* TASK DETAILS *
Without including any pictures, write out the listing below exactly.

* DATA SHOWN *
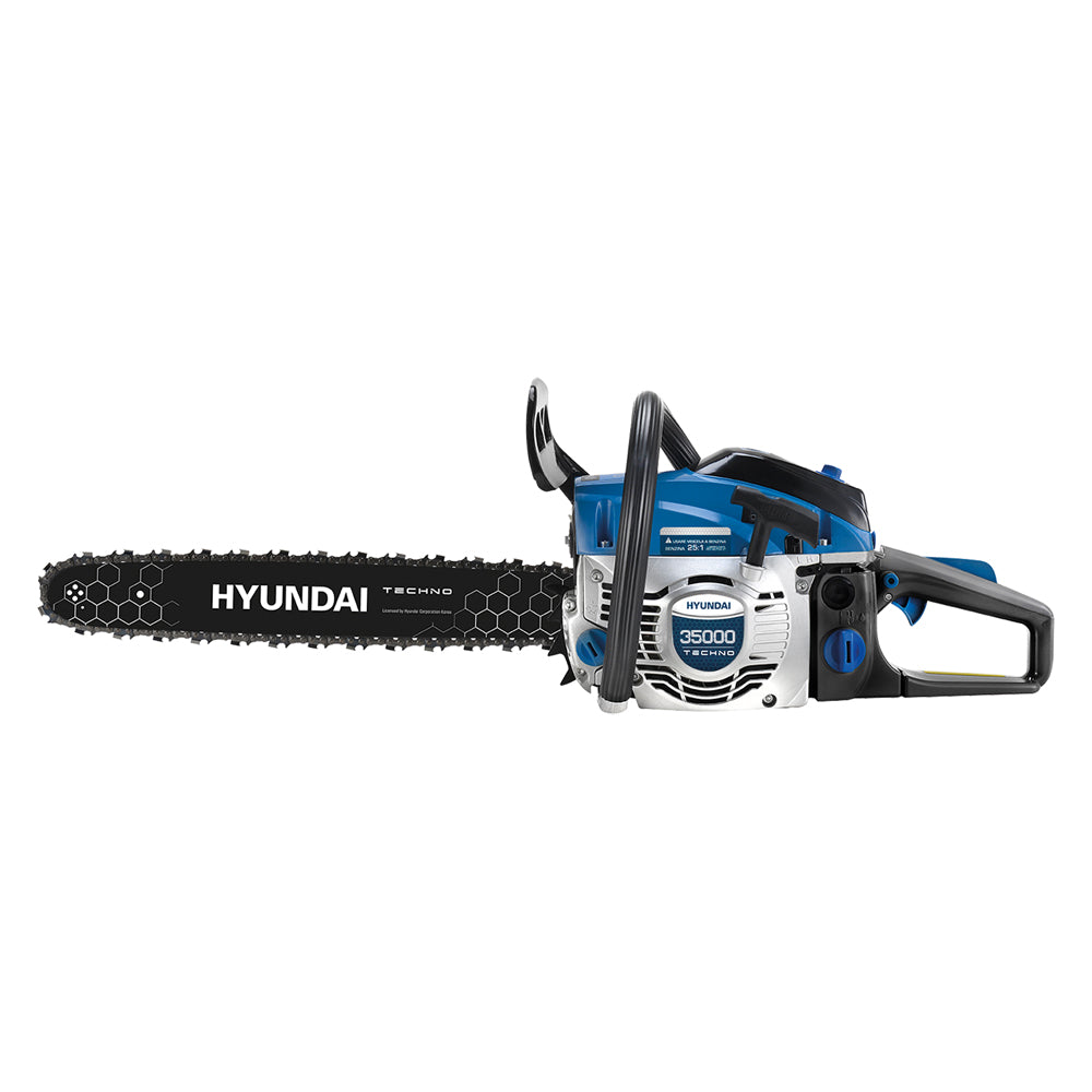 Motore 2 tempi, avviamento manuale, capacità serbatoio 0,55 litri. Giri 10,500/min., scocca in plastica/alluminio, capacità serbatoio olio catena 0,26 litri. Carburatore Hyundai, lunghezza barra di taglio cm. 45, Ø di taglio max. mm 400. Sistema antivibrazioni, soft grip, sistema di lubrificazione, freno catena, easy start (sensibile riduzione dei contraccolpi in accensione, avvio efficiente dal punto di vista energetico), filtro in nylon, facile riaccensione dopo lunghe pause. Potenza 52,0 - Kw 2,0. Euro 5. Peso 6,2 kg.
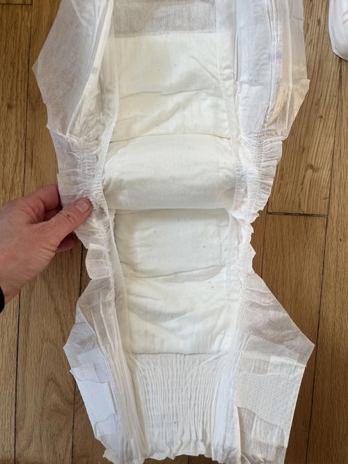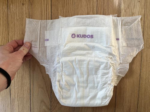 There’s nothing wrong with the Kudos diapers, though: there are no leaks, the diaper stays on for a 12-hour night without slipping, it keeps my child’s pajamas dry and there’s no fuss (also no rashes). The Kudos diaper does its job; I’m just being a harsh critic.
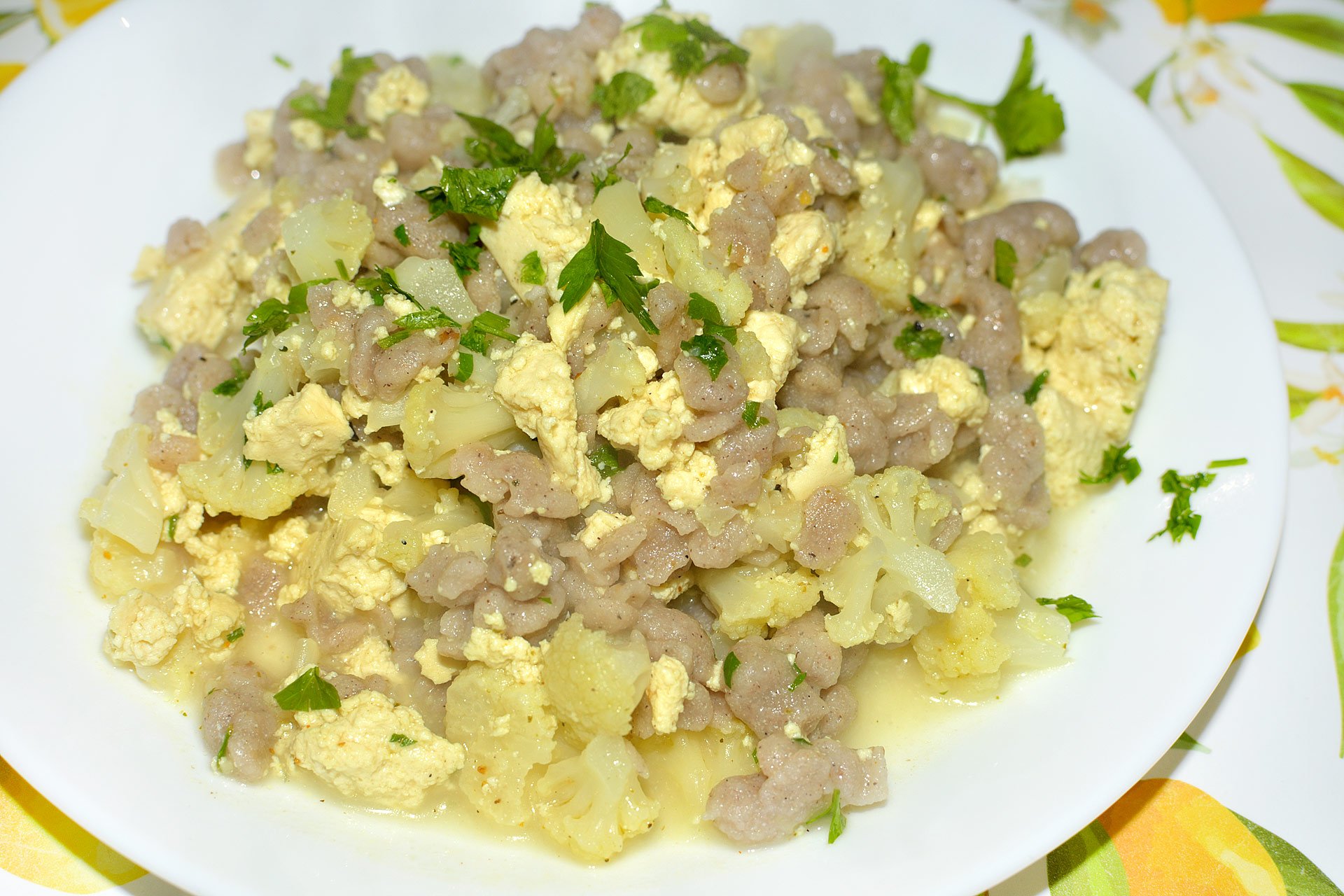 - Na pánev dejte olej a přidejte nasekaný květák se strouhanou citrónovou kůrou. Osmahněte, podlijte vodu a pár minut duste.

* OUTPUT OF THE TASK *
 Motore 2 tempi, avviamento manuale, capacità serbatoio 0,55 litri. Giri 10,500/min., scocca in plastica/alluminio, capacità serbatoio olio catena 0,26 litri. Carburatore Hyundai, lunghezza barra di taglio cm. 45, Ø di taglio max. mm 400. Sistema antivibrazioni, soft grip, sistema di lubrificazione, freno catena, easy start (sensibile riduzione dei contraccolpi in accensione, avvio efficiente dal punto di vista energetico), filtro in nylon, facile riaccensione dopo lunghe pause. Potenza 52,0 - Kw 2,0. Euro 5. Peso 6,2 kg.
 There’s nothing wrong with the Kudos diapers, though: there are no leaks, the diaper stays on for a 12-hour night without slipping, it keeps my child’s pajamas dry and there’s no fuss (also no rashes). The Kudos diaper does its job; I’m just being a harsh critic.
 - Na pánev dejte olej a přidejte nasekaný květák se strouhanou citrónovou kůrou. Osmahněte, podlijte vodu a pár minut duste.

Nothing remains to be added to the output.